Ein Leben wie aus dem Booklet: Seasick Steve.

Musik Hobo mit Gitarre Seasick Steve besingt sein langes Leben auf der Strasse. Der Roots-Blues des Graubartes ist so eindringlich, dass sich nun das Dach der Royal Albert Hall über ihn spannt und sein neues Album «Man From Another Time» die Charts stürmt. VON OLIVIER JOLIAT

Seit wann er Gitarre spielt, weiss Seasick Steve genauso wenig, wie an welchem Tag er als Steven Gene Wold geboren wurde. Irgendwann in den 40er-Jahren, irgendwo in Kalifornien. Die Geburtsurkunde, wenn es denn eine gab, hat er mit der Flucht vor dem prügelnden Stiefvater zurückgelassen. Seither war Steve ein Hobo, wie in Amerika umherziehende Obdachlose bezeichnet werden. Er folgte auf Güterzügen den Ernten oder schlug sich mit anderen Gelegenheitsjobs quer durch die USA. 30 Jahre lang. Die Gitarre diente ihm bereits damals zur Aufbesserung der Reisekasse. Die Musik liess Seasick Steve Anfang der 90erJahre in Seattle auch erstmals länger sesshaft werden. Die Stadt mutierte gerade zum Mekka der Gitarrenmusik. Mit seinem eigenständig verschrobenen Stil wurde Steve ein gefragter Sessionmusiker und arbeitete als Produzent. Sein erstes eigenes Album realisierte er jedoch erst 2004, als er nach einem Herzinfarkt Ruhe suchte und mit seiner zweiten Frau in deren Heimat Norwegen zog. Ruhiger wurde es für Seasick Steve jedoch nicht. Denn mit seinem ersten Soloalbum «Dog House Music» begann für ihn ein neues Leben. Roots Music, egal ob Folk, Country oder Blues, ist im Aufwind. Und seit Seasick Steve mit seiner alten, nur mit drei Saiten bespannten Gitarre in einer englischen Fernsehshow auftrat, wollen alle den so authentischen wie charismatischen Musiker sehen.
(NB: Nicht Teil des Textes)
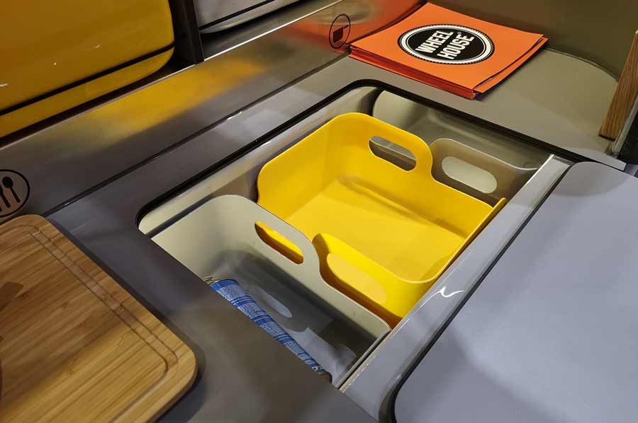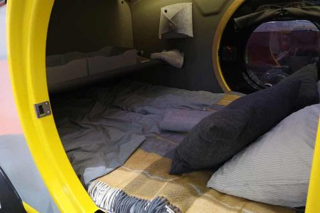 Wenn allerdings das gelungene Design schon lockt, wobei allein der Einstieg mit den Bull-Augen-Fenster schon genügt, ist das Interesse geweckt. Eine gemütliche Schlafkoje, die aufgrund der transparenten Abdeckung den Blick in den Sternenhimmel erlaubt, ist für klaustrophob veranlagte Personen allerdings gewöhnungsbedürftig. Allein, die Heckküche ist ein Traum. Sauber verarbeitete Materialien, ordentlich aufgeräumt und passgenau, gelungene Farbwahl. Sofort erkennbar, dass hier Designer am Werke waren. Uns hat das Fahrzeug sehr gut gefallen.

Mittlerweile spielte Steve vor 65 000 Leuten am Glastonbury Festival oder in der altehrwürdigen Royal Albert Hall. Seine Zeit als Hobo lebt auf dem neuen Album «Man from Another Time» jedoch weiter. Der Blues ist dank Steves einnehmender Stimme so wunderschön wie fern jeder Romantik, und passend instrumentiert mit Schrummel-Gitarre und Schepper-Schlagzeug. Spektakulär am schlichten Roots Blues ist vor allem, dass das Album auf Platz vier in die UKCharts einstieg. Als hätte er es geahnt, dankt Steve mit dem Song «Happy (to Have a Job)». Darin schwört er, nie zu vergessen, wem er seine jetzige Arbeit verdanke und darum immer alles zu geben. Man darf sich auf die Konzerte freuen.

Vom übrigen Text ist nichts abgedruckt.